Повелитель Иллюзий — страница 20 из 43

С этими словами он вышел из дома. Через приоткрытый лепесток окна гостиной Маша смотрела, как он шагает по зеленой тропинке, ярко освещенной фонарями, как встает на свой диск и улетает на нем. Портрет Либранта он с собой не взял.

Глава 21Аромат зеленого яблока

Когда Кармин 212 улетел и оставил Машу в незнакомом доме, та восприняла это как предательство. Слезы против воли закапали у нее из глаз.

– Ты что, плачешь, девочка? – удивился Гешандий. – Но ведь все получилось, как ты хотела.

– Я не хотела, – с трудом выговорила Маша. – Я хотела только помочь. А он отправил меня к вам и даже не предупредил. А у меня ведь есть свои мама и папа. Он не поверил мне.

Гешандий, борясь с собой, смотрел, как давится слезами незнакомая девочка, так похожая на его пропавшую дочку. Он так любил ее, ничуть не меньше Карантины. И тоже беспокоился за ее судьбу. Как она там, на диких островах, где нет метеоритного купола? Получила ли его письмо, где он велел ей прятаться от метеоритов под зонтиком растения «защитник»? Он прижал к себе плачущую девочку и погладил ее по голове. Его глаза тоже стали влажными. Из спальни вышла проснувшаяся Карантина и подошла к ним. Они обнялись втроем – у каждого было свое горе, а оплакивали они его все вместе.

Позже Маша помогла маме Карантине развесить мокрое белье. Потом они все вместе пообедали.

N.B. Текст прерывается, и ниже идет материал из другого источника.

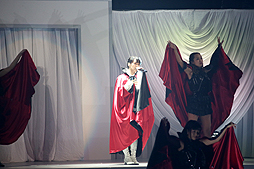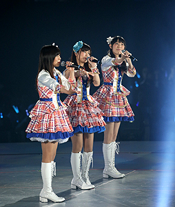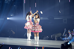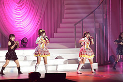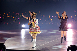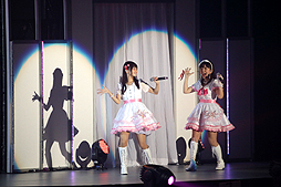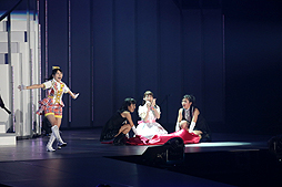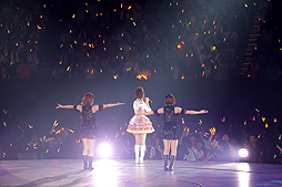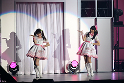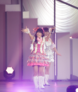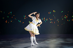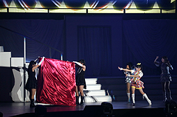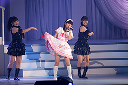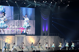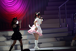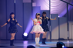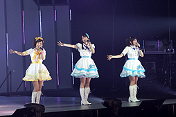 また,衣装もおニューとのことで,ジャケットにフリル付きのスカートまたはパンツと,全体のイメージは前回ライブのときと似ているが,ディテールは異なるようだ。ちなみに城ヶ崎美嘉役の佳村さんはネクタイを蝶結びにしており,これは美嘉のレアカードがそうなっていたからとのこと。こういう細かいこだわりが,ファンには嬉しい。また,パーティーということで,白をベースにしたエプロンドレスに着替えて登場する場面もあり,こちらはかなりかわいいんじゃないかしら。
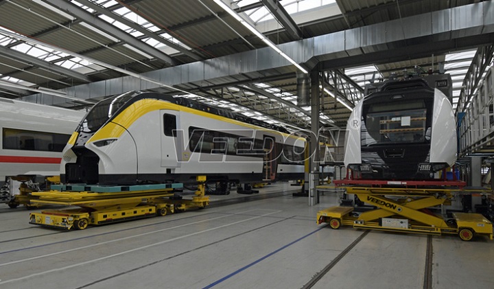 威登剪叉式車底拆裝升降平臺專業(yè)用于軌道車輛制造裝配修時車底設(shè)備和部件拆卸安裝的專用設(shè)備,完全滿足裝配和檢修人員對軌道車輛底部設(shè)備的維修拆卸與安裝。該產(chǎn)品額定承載量大,裝置主要結(jié)構(gòu)為電動液壓驅(qū)動的升降支架及平臺,具有無級調(diào)速舉升和自行走功能,行走輪為液壓四輪驅(qū)動90°同步角度控制,車底設(shè)備拆裝裝置作業(yè)時可橫向、縱向連續(xù)移動。設(shè)備的平臺可橫向、縱向平移和順時針、逆時針方向旋轉(zhuǎn)浮動。電源可選擇交流、直流。輪系可公鐵兩用。電源:蓄電池供電,DC48V,充電電源要求:AC380V/50Hz,環(huán)境溫度:-5~+45°C,相對濕度:≤95%,海拔高度:≤1200m,前后左右萬向行駛,可選遙控或者線控,快速慢速可切換,平臺上升下降,平臺可旋轉(zhuǎn),可浮動微調(diào),可選裝平臺護(hù)欄,可選顏色,該產(chǎn)品可根據(jù)實際需求訂做任何高度
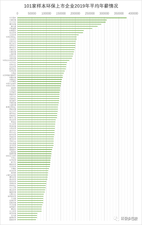 個人認為這是兩個正面因素和一個負面因素的疊加。兩個正面因素一為,行業(yè)中出現(xiàn)了一些對高端人才更具吸引力的非環(huán)保上市企業(yè)組織,如長江環(huán)保集團、江蘇環(huán)保產(chǎn)業(yè)集團、布局環(huán)保的大國企央企等。二為,積累了足夠資源跳出環(huán)保上市公司轉(zhuǎn)而創(chuàng)業(yè)的人群。這部分人數(shù)難以客觀統(tǒng)計,但相信諸位的圈子里一定就有這兩年跳出來創(chuàng)業(yè)的朋友,總數(shù)應該也不少。負面因素為,數(shù)量不少環(huán)保上市企業(yè)內(nèi)部實實在在的變化真的讓一些人或主動或被動選擇離開,甚至轉(zhuǎn)行,這也是無法回避的事實。終于要討論到收入了,直奔主題:環(huán)保上市公司的薪酬情況如何?本文整理了101家樣本環(huán)保上市公司(在前文人員工統(tǒng)計分析102家樣本基礎(chǔ)上再次剔除異常值“科林環(huán)?!保┑男劫Y支付現(xiàn)金流數(shù)據(jù),即年報現(xiàn)金流量表“支付給職工以及為職工支付的現(xiàn)金”科目。(注:支付給職工以及為職工支付的現(xiàn)金主要包括——本期實際支付給職工的工資、獎金、各種津貼和補貼等;以及為職工支付的養(yǎng)老、失業(yè)等社會保險基金、補充養(yǎng)老保險、企業(yè)為職工支付的商業(yè)保險金、住房公積金、支付給職工的住房困難補助,以及企業(yè)支付給職工或為職工支付的福利費用等)將結(jié)果與員工人數(shù)相除,得到企業(yè)薪酬圖表。
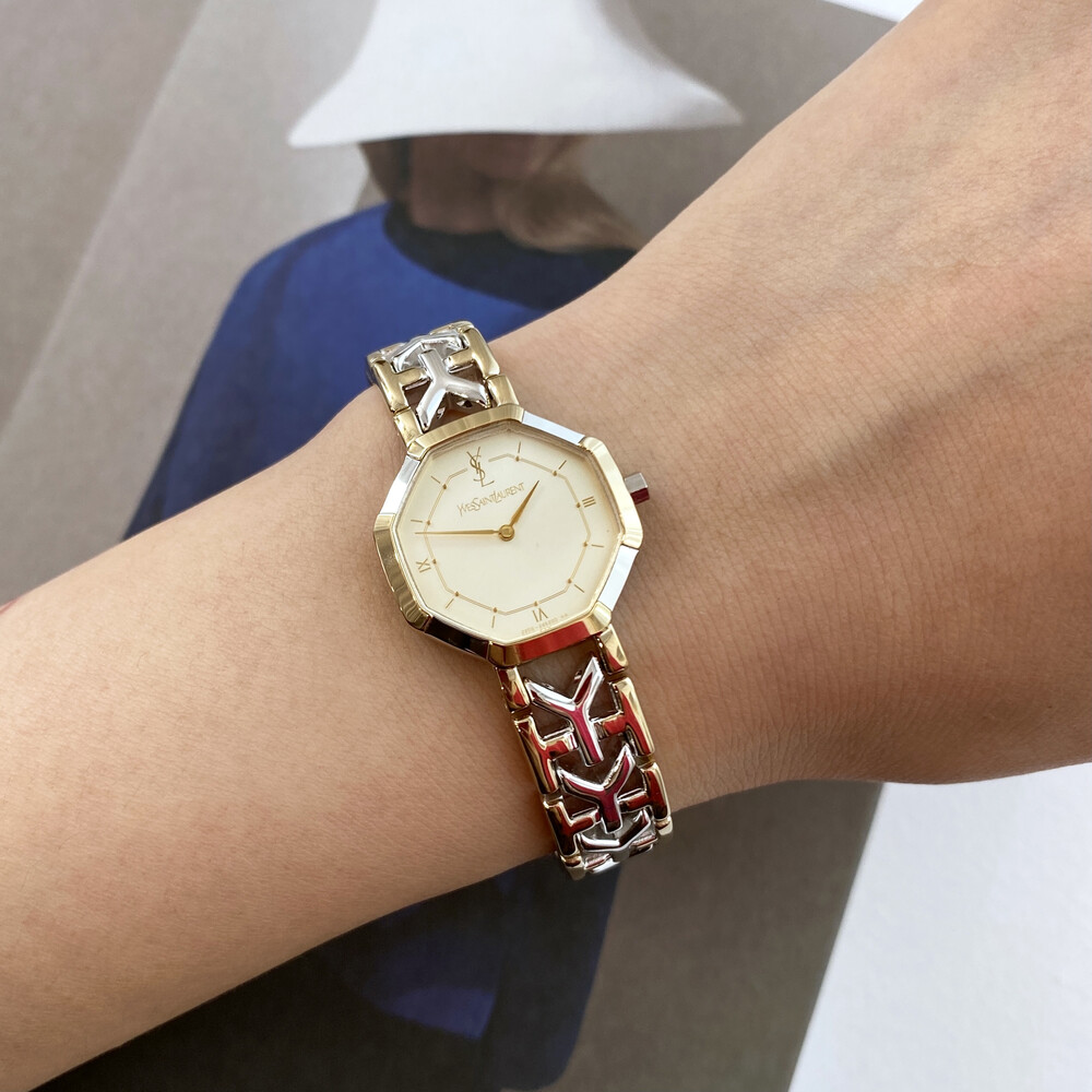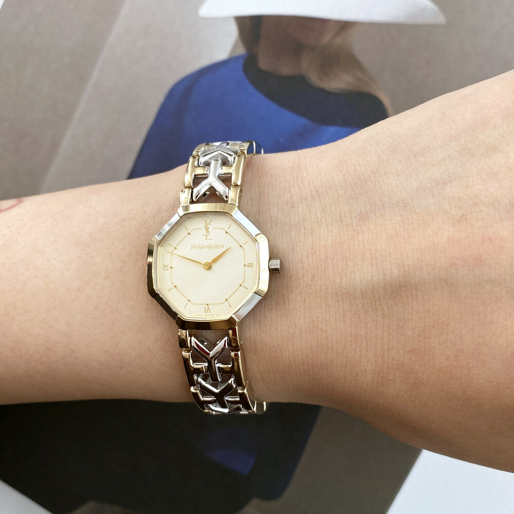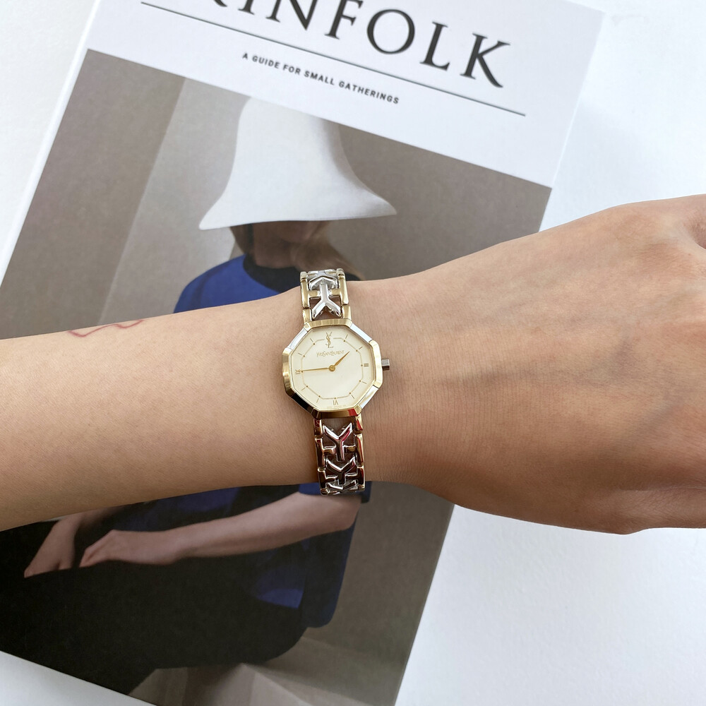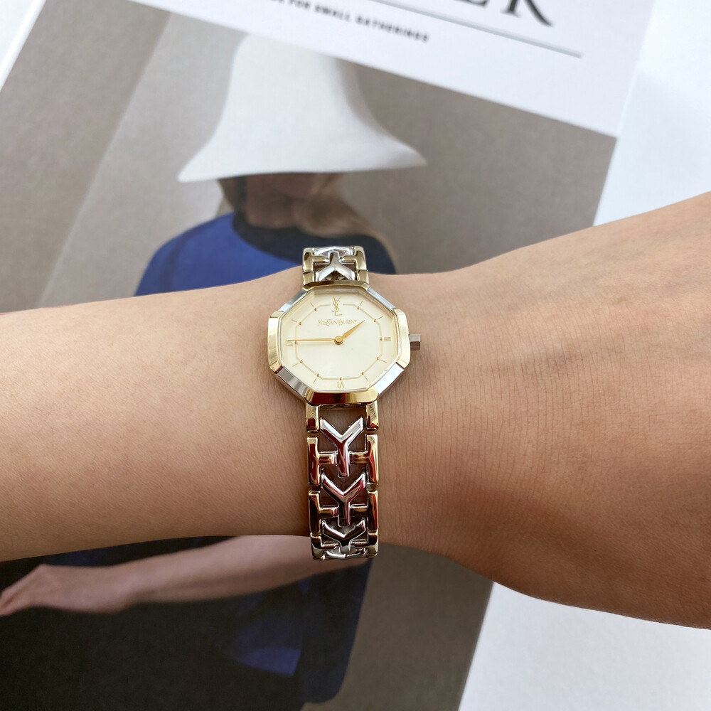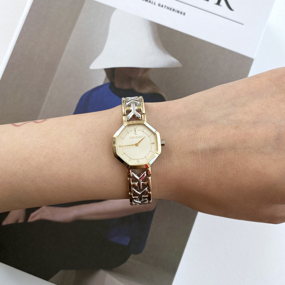 매력적인 옥타곤 타입의 케이스와 샴페인 톤의 다이얼 위를 장식하는 YSL 로고가 매력적인 모델입니다.
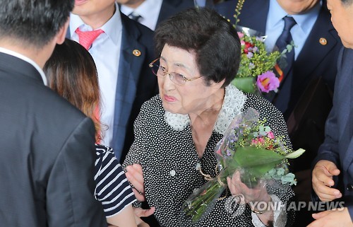 | △ 꽃다발 받는 이희호 여사 (서울=연합뉴스) 이정훈 기자 = 3박 4일간의 방북 일정을 마친 이희호 여사가 8일 오후 김포공항을 통해 귀국, 환영객들로 부터 꽃다발을 받고 있다. |
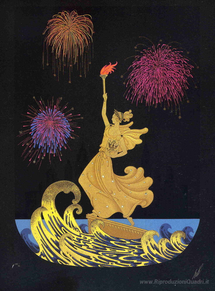Ti offriamo una riproduzione artigianale su tela dell'opera famosa 'Statua della Libertà' di Erte, dal Museo delle Riproduzioni.
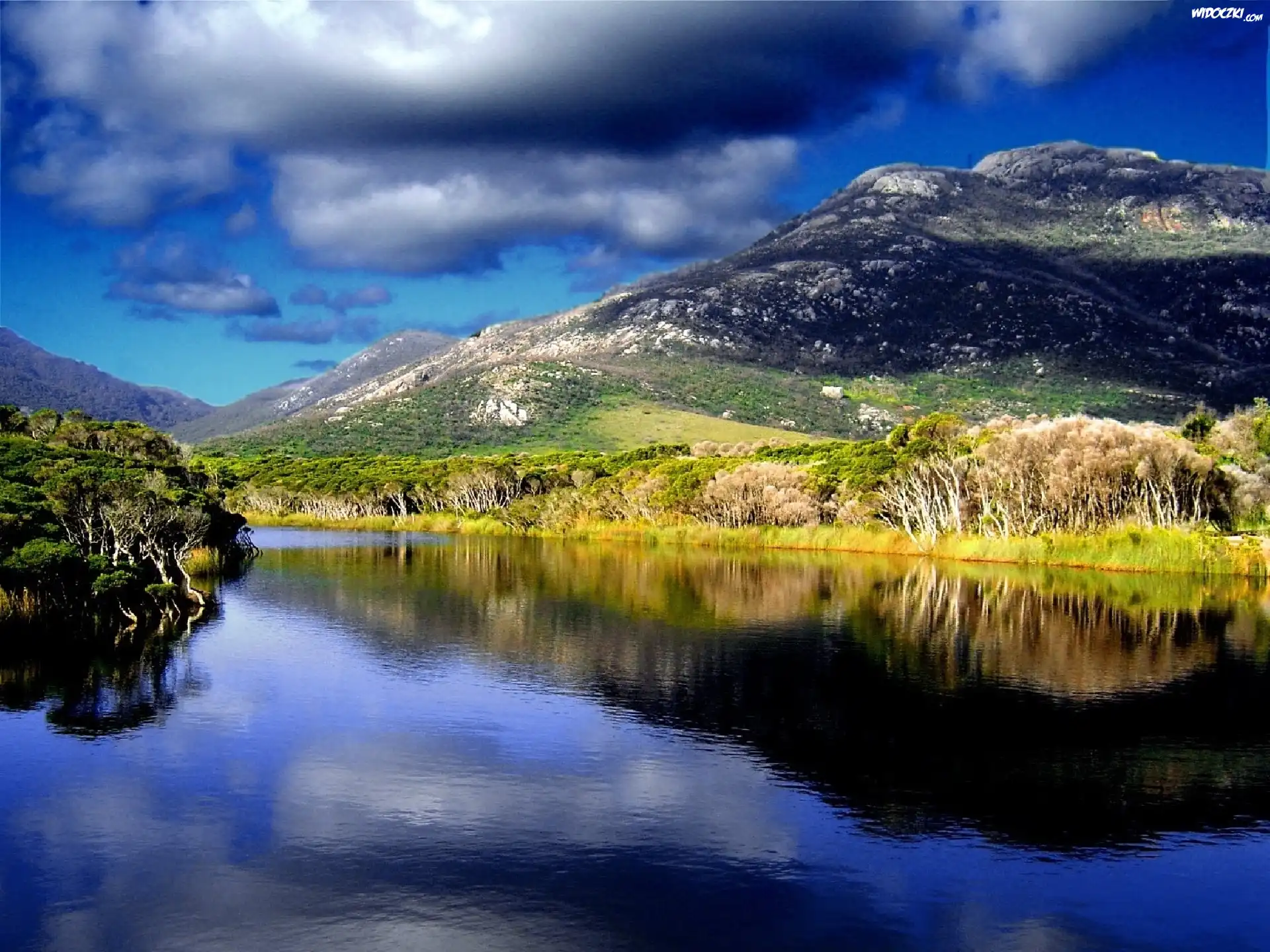 Góra, Chmury, Rzeka, Krajobraz
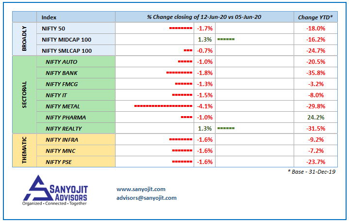 Comparison of indices – closing 12th June 2020 vs 5th June 2020
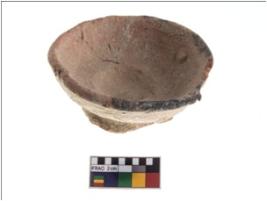 | Description / विवरण | A partially broken specimen of a terracotta lamp, circular on plan, with circular rim and circular base which shows a clear string mark where it has been cut from the potter s wheel. It is made of red ware, fine fabric, well-fired. |
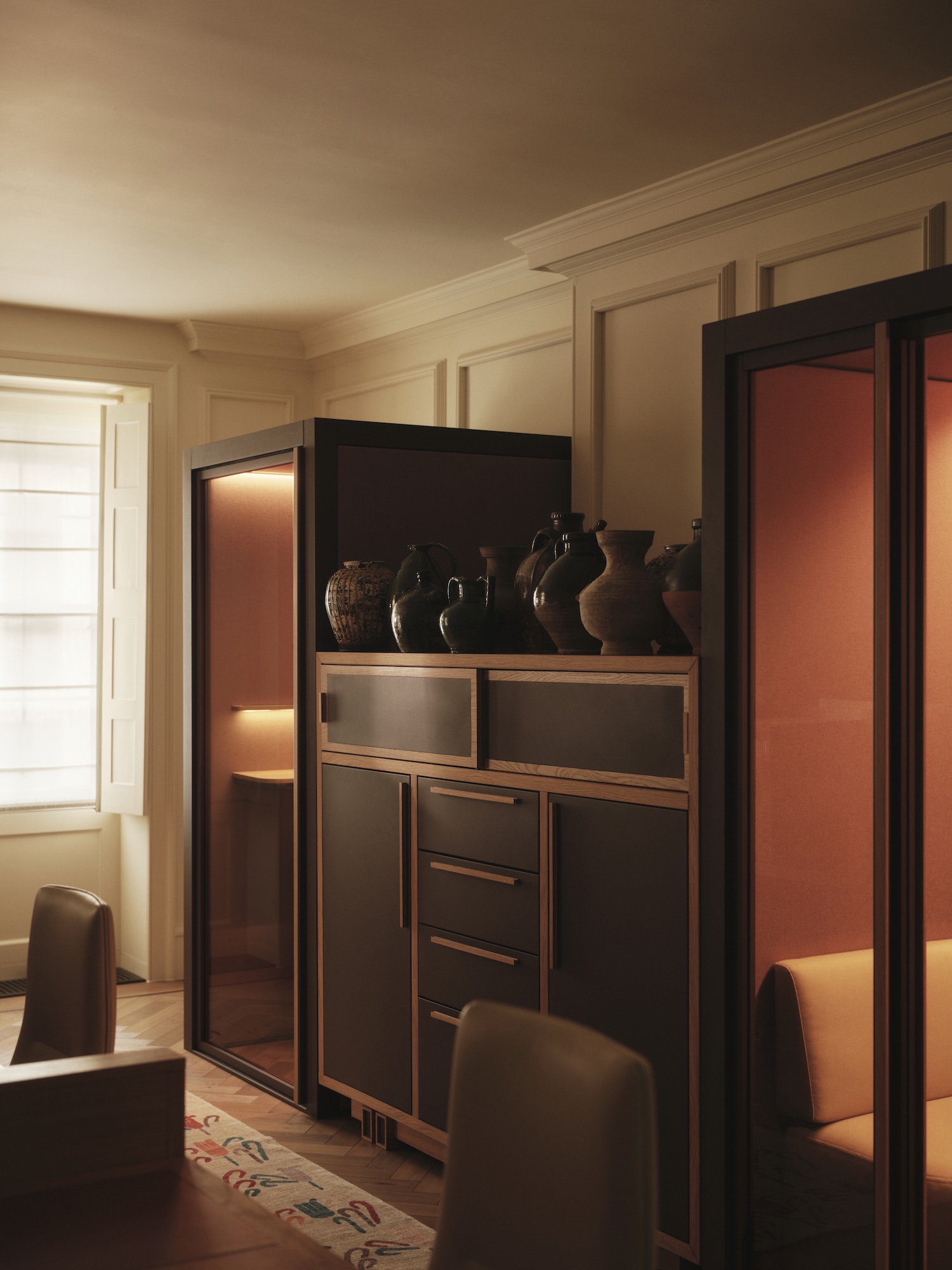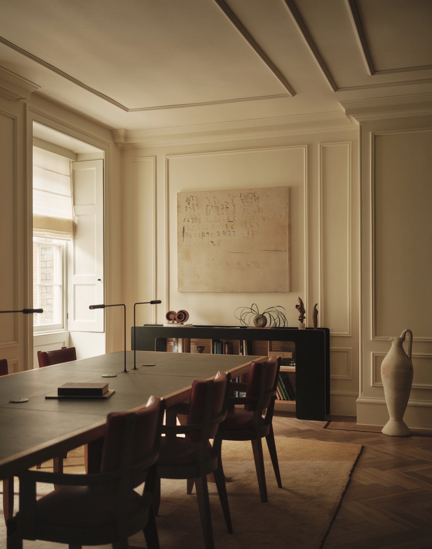 The 3,200-square-foot floor plan dissolves conventional office hierarchies through a sequence of rooms that function like a well-appointed residence. A reception area establishes the tone with a custom charred-oak and steel desk paired with a bespoke curved sofa in plaid wool and a vintage armchair reupholstered in nubuck suede. This assembly of materials and forms suggests a drawing room rather than a waiting area, a deliberate conflation that extends throughout the intervention. The adjacent lounge spans the building’s front facade, where floor-to-ceiling windows frame views of the square’s park. Four distinct zones organize this multi-functional room without fragmenting its spatial continuity – two seating areas with vintage and custom pieces, a lacquered sage green dining table, and a custom bar constructed from oak, marble, and aged brass calibrated to the room’s proportions.

– Ешь скипульки, твои любимые, – Карантина заботливо подкладывала Маше на тарелку лакомые кусочки.

– Нет, я их больше не люблю, – девочка непроизвольно скривилась при виде пищащих грибочков, похожих на маленькие коричневые шарики. – Мама, я должна тебе кое-что сказать…

– Что ты не совсем здорова и почти ничего не помнишь, – кивнула Карантина, – я догадалась. Но ты теперь стала хорошая, и тебя отпустили погостить к родителям, да?

– Да! – обрадовалась Маша. Гешандий во все глаза глядел на жену, та подмигнула ему:

– Я знала, что так и будет, Гешенька, я мечтала об этом. Они специально солгали про дикие острова, чтобы мы не пытались с ней связаться и не мешали ее выздоровлению. Ведь не отправляют же они детей в самом деле туда, где на голову сыплются метеориты и бесконтрольно растут опасные растения. Не волнуйся, мне гораздо лучше теперь.

Гешандий заметно побледнел.

– К ужину я подогрею для тебя настойку барышника, милый, – щебетала Карантина. – Но чем же тебя теперь кормить, ягодка? Кстати, можно мне называть тебя по-прежнему, Жука? Тебя назвали так в честь моей мамы.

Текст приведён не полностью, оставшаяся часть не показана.